**Data items**

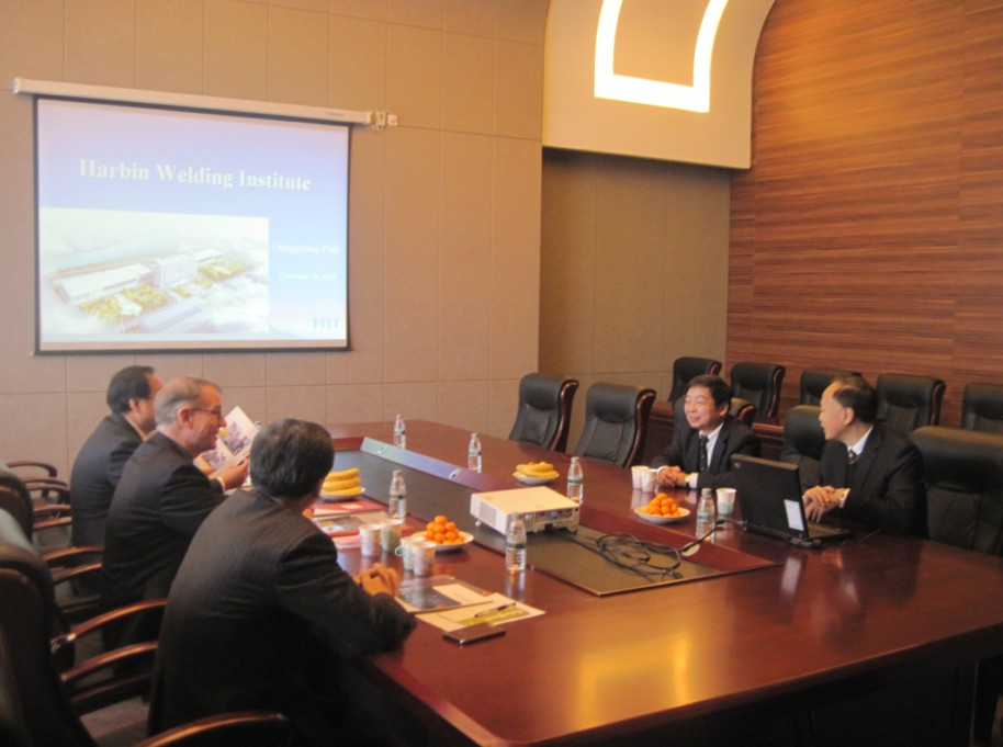 何實(shí)所長(zhǎng)首先對(duì)客人的來(lái)訪表示熱情歡迎,并簡(jiǎn)單介紹了焊接研究所的情況。樸東光秘書(shū)長(zhǎng)通過(guò)幻燈片向客人們展示了我所的發(fā)展歷程、機(jī)構(gòu)及業(yè)務(wù)分類(lèi)、科研、產(chǎn)業(yè)、質(zhì)檢、行業(yè)服務(wù)等方面的工作內(nèi)容和成效。克勞斯米德?tīng)柕婪蛳壬蛭宜氖⑶榻哟硎靖兄x,對(duì)哈焊所多方面卓有成效的成就表示欽佩和贊賞。雙方就焊接及連接技術(shù)的發(fā)展、培訓(xùn)及標(biāo)準(zhǔn)化、行業(yè)服務(wù)等內(nèi)容進(jìn)行了交流。何實(shí)所長(zhǎng)還向客人介紹了我所英文版焊接期刊《China
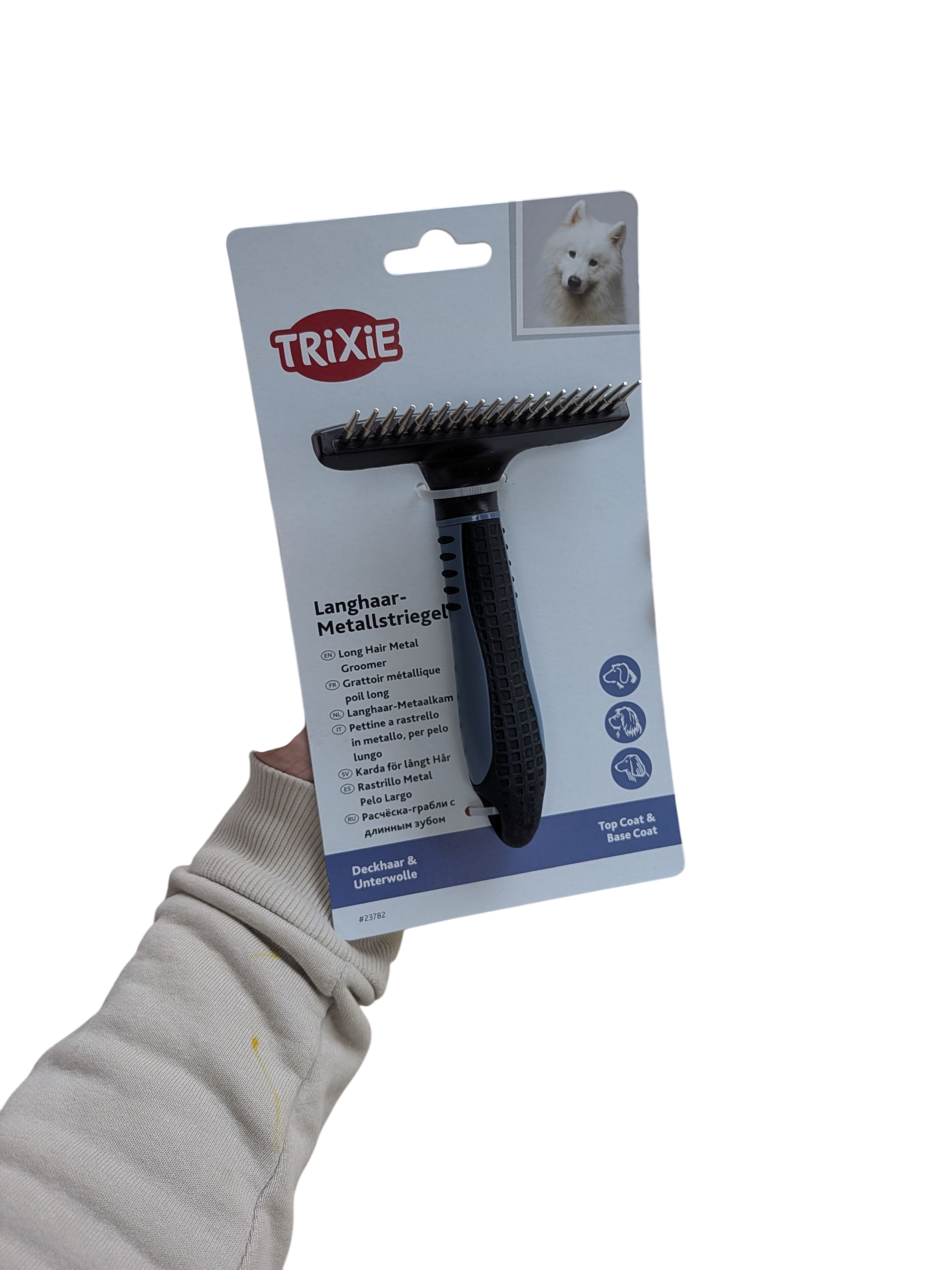 Tämä metallinen kampa sopii pitkäkarvaisten koirien aluskarvan tehohoitoon.
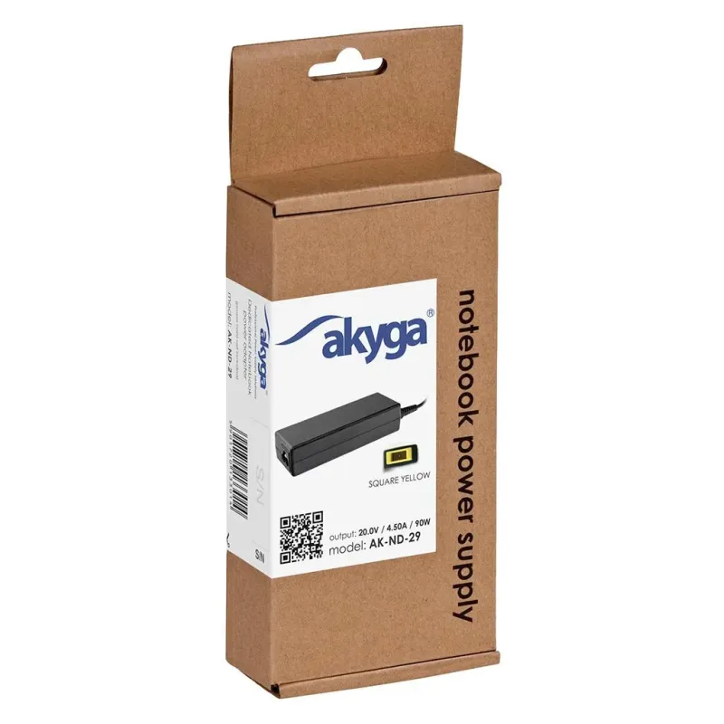 Zasilacz sieciowy Akyga AK-ND-29 do notebooka 20V/4,5A 90W Square yellow to zasilacz do laptopa o długości 1.20 m. Zapewnia zasilanie laptopa i ładowanie jego akumulatora.
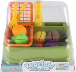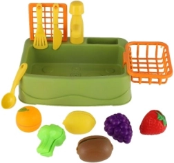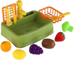 Leuke set voor in de kinderkeuken waarin kinderen het afwassen van servies en etenswaren kunnen uitproberen. Bevat een pomp-kraan, snijfruit en kleurrijke accessoires voor de ontwikkeling van fijne motoriek en fantasie. De compacte afmetingen en het duurzame plastic maken dit speelgoed ideaal voor dagelijks speelplezier.
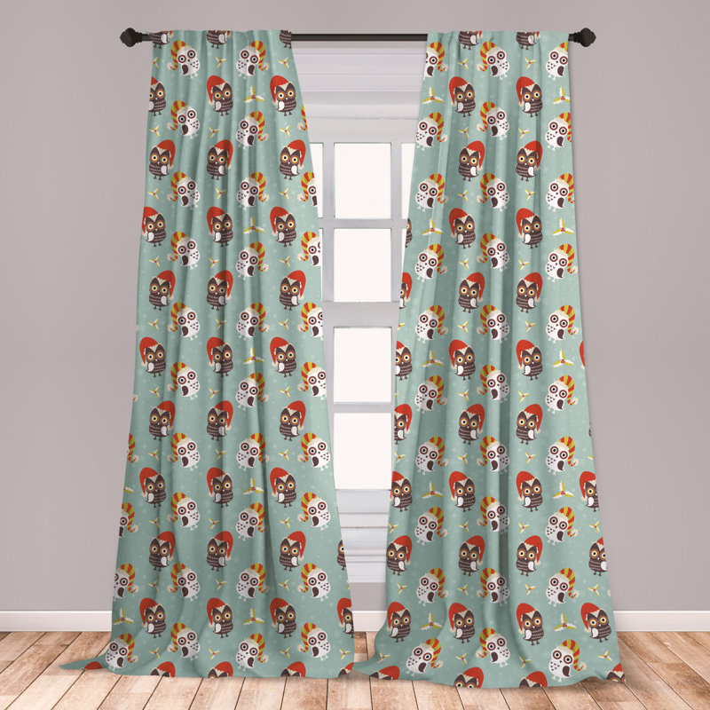 East Urban Home Ambesonne Christmas Curtains Owls In Hats Ready
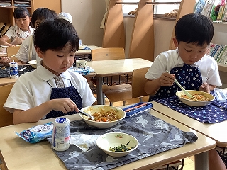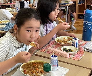 給食の先生方が、1回目の実施を踏まえて、より子ども達になじみのある食材やスパイスの配合や量を考えてくださいました。どの学年からも「おいしい!!」の声が聞こえて、安心しました。
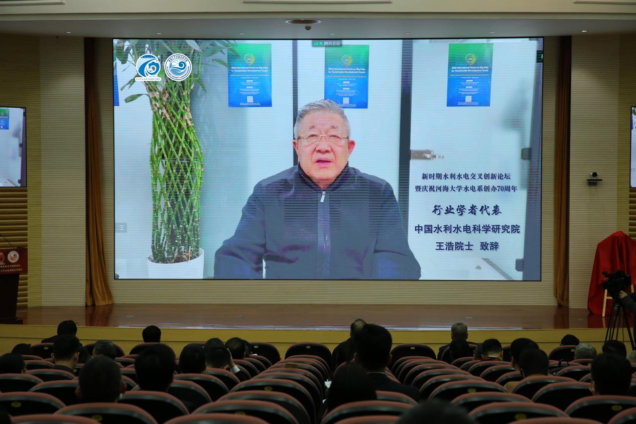 王浩院士在线上代表中国水利水电科学研究院向亚洲情色 水电系建系70周年表示热烈的祝贺。他指出,亚洲情色 在新中国水利事业发展的历史洪流中,昂首阔步走出了独具水利特色的高质量发展之路,大刀阔斧打开了水利高质量发展的新局面,绘就了水利事业的宏伟蓝图。他希望,学院胸怀“国之大者”,肩扛时代使命,立足学科优势和特色,争创国际领先的世界一流水利学科,始终坚持立德树人、守正创新,以矢志不渝的追求传承弘扬老一辈水电人的精神,续写水利事业高质量发展的新篇章。

**What you should do**
From the entries above, output every line exactly and omit any image.

**Response to this task**
 何實(shí)所長(zhǎng)首先對(duì)客人的來(lái)訪表示熱情歡迎,并簡(jiǎn)單介紹了焊接研究所的情況。樸東光秘書(shū)長(zhǎng)通過(guò)幻燈片向客人們展示了我所的發(fā)展歷程、機(jī)構(gòu)及業(yè)務(wù)分類(lèi)、科研、產(chǎn)業(yè)、質(zhì)檢、行業(yè)服務(wù)等方面的工作內(nèi)容和成效。克勞斯米德?tīng)柕婪蛳壬蛭宜氖⑶榻哟硎靖兄x,對(duì)哈焊所多方面卓有成效的成就表示欽佩和贊賞。雙方就焊接及連接技術(shù)的發(fā)展、培訓(xùn)及標(biāo)準(zhǔn)化、行業(yè)服務(wù)等內(nèi)容進(jìn)行了交流。何實(shí)所長(zhǎng)還向客人介紹了我所英文版焊接期刊《China
 Tämä metallinen kampa sopii pitkäkarvaisten koirien aluskarvan tehohoitoon.
 Zasilacz sieciowy Akyga AK-ND-29 do notebooka 20V/4,5A 90W Square yellow to zasilacz do laptopa o długości 1.20 m. Zapewnia zasilanie laptopa i ładowanie jego akumulatora.
 Leuke set voor in de kinderkeuken waarin kinderen het afwassen van servies en etenswaren kunnen uitproberen. Bevat een pomp-kraan, snijfruit en kleurrijke accessoires voor de ontwikkeling van fijne motoriek en fantasie. De compacte afmetingen en het duurzame plastic maken dit speelgoed ideaal voor dagelijks speelplezier.
 East Urban Home Ambesonne Christmas Curtains Owls In Hats Ready
 給食の先生方が、1回目の実施を踏まえて、より子ども達になじみのある食材やスパイスの配合や量を考えてくださいました。どの学年からも「おいしい!!」の声が聞こえて、安心しました。
 王浩院士在线上代表中国水利水电科学研究院向亚洲情色 水电系建系70周年表示热烈的祝贺。他指出,亚洲情色 在新中国水利事业发展的历史洪流中,昂首阔步走出了独具水利特色的高质量发展之路,大刀阔斧打开了水利高质量发展的新局面,绘就了水利事业的宏伟蓝图。他希望,学院胸怀“国之大者”,肩扛时代使命,立足学科优势和特色,争创国际领先的世界一流水利学科,始终坚持立德树人、守正创新,以矢志不渝的追求传承弘扬老一辈水电人的精神,续写水利事业高质量发展的新篇章。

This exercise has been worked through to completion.